By Abby Hoover
To be a student at Kansas City Public Schools’ (KCPS) Northeast High School, one of the urban district’s most diverse schools, is to have someone always in your corner – whether a coach, teacher, alumni, or Principal Waymond Ervin.
Northeast High School, although steadily declining in enrollment for the past five years, is bolstering programs to help students succeed, including cultural luncheons, connecting with parents and guardians, a weekly coffee hour with teachers, or filling in the gaps outside of school.

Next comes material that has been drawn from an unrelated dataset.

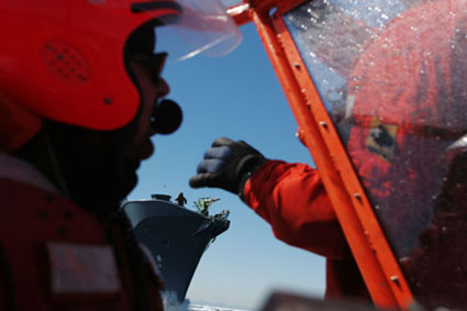 We reached the scene quickly, and immediately were in the midst of it all.. Alain, in the ‘Billy G’, tells us the harpoonist had been deliberately aiming the harpoon at their boat. Minutes later as we round the front of the catcher the harpoonist does indeed swivel on his green deck, pointing the ominous yellow harpoon with it’s black explosive tip in our direction. It is frightening. It is plain intimidation, but it works. I want to react, but don’t want to provoke the guy. I try to turn away, to look elsewhere, but it’s scary to not know what is happening behind you. Where to look, what to do? We radio the Esperanza, our ship, to tell them, perhaps subconsciously hoping that somehow this will be a guarantee of safety.

The student body at Northeast is not only ethnically diverse, but has a range of life experiences and traumas. With 577 students, more than 40% of students are Black, 36% are Hispanic, nearly 12% are Asian, almost 9% are white, and 1.6% are Hawaiian/Pacific Islander. The number of students who are refugees or undocumented immigrants is not recorded, but they are there.
Over the next few weeks, the Northeast News will highlight some of these programs, beginning with the Northeast High School Alumni Association’s food pantry and clothing closet.
In 2021, 100% of the student body qualified for free/reduced lunch. KCPS provides breakfast and lunch to all students, free of charge.
The Northeast High School Alumni Association is one of the strongest in the district, if not the region when it comes to helping current students. Alumni of the Historic Northeast school pulled back to help those who walk the same halls, sit in the same classrooms, and face the same struggles that they once did.
After realizing a need for students and their families, the association created the Viking Village Pantry at the high school nearly five years ago. Its first location was the size of a bathroom with a bookshelf of dry goods. Eventually, they began collecting shelving from donors and a variety of gently used clothes.
Now, the alumni association runs a food pantry out of its third room. They get supplies free or at a reduced rate from Harvesters, paying for it with funds raised from the alumni.
In January 2022 they served 474 students and more than 100 families and teachers.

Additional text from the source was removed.